Они слышали, как конь Донована поскакал прочь.
— Посмотри в окно и проверь, что он действительно уехал, — попросила Белл. — Он уже применял эту хитрость. Коня отправил, а сам остался.
Хонор выглянула в окно. На улице было темно, но она явственно различила силуэт всадника в седле. Хонор смотрела не него, пока он не скрылся из виду.
— Он уехал.
— Хорошо. Ты пока оставайся тут и убедись, что он не вернется. — Белл поспешила на задний двор.
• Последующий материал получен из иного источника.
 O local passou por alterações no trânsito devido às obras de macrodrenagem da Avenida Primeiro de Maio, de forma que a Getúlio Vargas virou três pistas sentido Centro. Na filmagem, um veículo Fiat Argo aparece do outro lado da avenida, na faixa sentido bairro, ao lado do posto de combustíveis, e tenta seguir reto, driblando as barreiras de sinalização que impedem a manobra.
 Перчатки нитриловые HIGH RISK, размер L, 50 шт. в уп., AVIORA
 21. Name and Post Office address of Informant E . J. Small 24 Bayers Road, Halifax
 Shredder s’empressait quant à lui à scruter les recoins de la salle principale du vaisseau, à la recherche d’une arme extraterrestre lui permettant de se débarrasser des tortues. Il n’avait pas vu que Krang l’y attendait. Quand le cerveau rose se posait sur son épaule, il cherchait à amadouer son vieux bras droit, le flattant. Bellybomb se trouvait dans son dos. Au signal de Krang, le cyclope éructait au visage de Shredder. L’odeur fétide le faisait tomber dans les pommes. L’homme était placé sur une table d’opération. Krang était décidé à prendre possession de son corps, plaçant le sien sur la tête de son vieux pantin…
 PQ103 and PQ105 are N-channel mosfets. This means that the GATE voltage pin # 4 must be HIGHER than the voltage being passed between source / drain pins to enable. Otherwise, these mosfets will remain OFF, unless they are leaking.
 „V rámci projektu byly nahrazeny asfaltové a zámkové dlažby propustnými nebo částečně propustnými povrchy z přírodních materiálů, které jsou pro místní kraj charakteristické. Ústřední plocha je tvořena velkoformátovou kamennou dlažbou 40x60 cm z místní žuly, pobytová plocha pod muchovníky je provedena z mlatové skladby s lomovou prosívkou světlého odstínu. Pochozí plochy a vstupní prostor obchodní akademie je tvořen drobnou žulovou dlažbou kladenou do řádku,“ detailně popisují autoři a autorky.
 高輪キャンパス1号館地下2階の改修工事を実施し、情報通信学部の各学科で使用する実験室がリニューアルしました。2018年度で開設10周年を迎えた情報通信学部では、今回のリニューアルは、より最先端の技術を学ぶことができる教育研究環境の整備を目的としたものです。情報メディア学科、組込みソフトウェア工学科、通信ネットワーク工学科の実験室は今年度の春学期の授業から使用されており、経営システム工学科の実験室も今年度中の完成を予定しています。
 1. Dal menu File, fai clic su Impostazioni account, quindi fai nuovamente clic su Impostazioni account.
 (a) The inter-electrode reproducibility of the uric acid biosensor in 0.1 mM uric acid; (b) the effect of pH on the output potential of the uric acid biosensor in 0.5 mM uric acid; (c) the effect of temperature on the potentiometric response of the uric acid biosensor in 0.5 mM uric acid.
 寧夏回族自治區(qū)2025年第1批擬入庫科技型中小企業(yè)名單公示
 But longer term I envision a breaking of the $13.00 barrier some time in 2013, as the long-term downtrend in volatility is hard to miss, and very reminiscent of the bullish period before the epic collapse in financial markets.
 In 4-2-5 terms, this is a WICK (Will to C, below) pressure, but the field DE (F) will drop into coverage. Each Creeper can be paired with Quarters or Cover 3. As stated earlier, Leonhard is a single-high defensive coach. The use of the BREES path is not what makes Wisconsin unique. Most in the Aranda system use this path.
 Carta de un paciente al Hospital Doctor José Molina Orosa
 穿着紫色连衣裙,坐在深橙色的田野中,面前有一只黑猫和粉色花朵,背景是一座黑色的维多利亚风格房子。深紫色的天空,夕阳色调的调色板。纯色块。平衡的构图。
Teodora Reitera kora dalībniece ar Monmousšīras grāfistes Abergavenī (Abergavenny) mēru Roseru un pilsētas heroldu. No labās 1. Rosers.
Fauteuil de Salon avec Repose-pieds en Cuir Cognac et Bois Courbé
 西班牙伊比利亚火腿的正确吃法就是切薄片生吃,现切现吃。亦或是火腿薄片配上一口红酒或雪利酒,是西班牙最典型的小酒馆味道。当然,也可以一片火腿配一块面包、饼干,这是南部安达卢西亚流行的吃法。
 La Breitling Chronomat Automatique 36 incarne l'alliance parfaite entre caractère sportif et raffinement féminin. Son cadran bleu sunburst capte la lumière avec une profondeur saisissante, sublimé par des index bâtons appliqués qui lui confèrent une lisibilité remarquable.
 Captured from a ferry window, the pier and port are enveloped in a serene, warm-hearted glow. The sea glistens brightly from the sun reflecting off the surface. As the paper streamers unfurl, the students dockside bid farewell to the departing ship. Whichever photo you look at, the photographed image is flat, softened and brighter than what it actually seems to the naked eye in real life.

Через пару минут Хонор увидела, как мимо проехала повозка Томаса. Она стояла у окна, прижимая к себе Камфет. Девочка притихла и протянула руку вперед, словно пытаясь потрогать ночь. В последнее время она уже не молотила руками, ее движения стали более осмысленными.
Белл вернулась в магазин.
— Все в порядке. Я сейчас приготовлю ужин.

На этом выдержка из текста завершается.